Total PC Gaming
- Issue 1, November 2007
- Editor: Russell Barnes
- Categories: Video game magazines
- Frequency: 13 per year
- First issue: 8 November 2007
- Final issue: 19 March 2010
- Company: Imagine Publishing
- Country: United Kingdom
- Language: English
- Website: totalpcgaming.com (archived)
- ISSN: 1755-7623
- OCLC: 751038653

= Total PC Gaming =

British magazine

Total PC Gaming was a monthly magazine published by Imagine Publishing, launched in 2007 it ran until March 2010. The magazine featured videogame industry news, game reviews, hardware reviews, and sections dedicated to fans of retro gaming and Massively multiplayer online games.

==Staff==
The staff included editor Russell Barnes, who had been at the helm since issue 2, as well as Games Editor Ben Biggs, who wrote a blog on the magazine's website, Sam Bandah, who ran the Letters page and designer Andy Salter.

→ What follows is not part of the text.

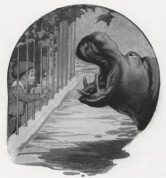 玛格丽特·塔兰特在伦敦植物园里喂河马。《野人与野兽:今世植物园的降生》插图。

Stuart Campbell regularly freelanced for TPCG and wrote the monthly "Why I hate PC gamers" column for issues 3–12. Freelancer David Crookes produced a monthly two-page interview with many big names and some old school PC content was also taken from past issues of Retro Gamer. Freelancer James Pikover produced monthly hardware reviews, as well as the 2008 holiday gift guide special.

==Review scores==
Total PC Gaming scored games reviews out of ten, and only two have achieved a perfect score, Fallout 3 and Grand Theft Auto IV. The lowest score was 2, which is jointly held by The Dark Legions and Soldier of Fortune: Payback.

==Format change==
When the title was launched, one of the main selling points was that there were no extras attached to the magazine, thus keeping the price (£3.99) lower than the competitors, PC Zone and PC Gamer, who both retailed at £5.99 and were sold in a sealed plastic bag that included a DVD that contained extra content. However, with the release of issue 11, Total PC Gaming had changed to match this format, and had raised the price to £5.49.

==The end==
On 20 March 2010 a letter was sent out to the magazine's subscribers stating that issue 31 will be the final issue. No reason for the closure was provided. Imagine Publishing director Damian Butt told MCV: "Imagine Publishing can confirm that following a period of review it has decided to close Total PC Gaming magazine with immediate effect. All staff have moved onto other magazines within the company. The website www.TotalPCGaming.com will continue to run as part of the NowGamerNetwork. Issue 31 will be the last to be published.
"The support from our advertisers and readers has been fantastic and it's always a shame to close a magazine, especially one that is still profitable, but following the widespread delisting of PC games magazines from many magazine-selling outlets, we felt that the team deserved to be working on projects with greater future potential.
"We are currently deciding whether to continue to run a regular digital edition of the magazine on our popular global iPhone/iPad platform."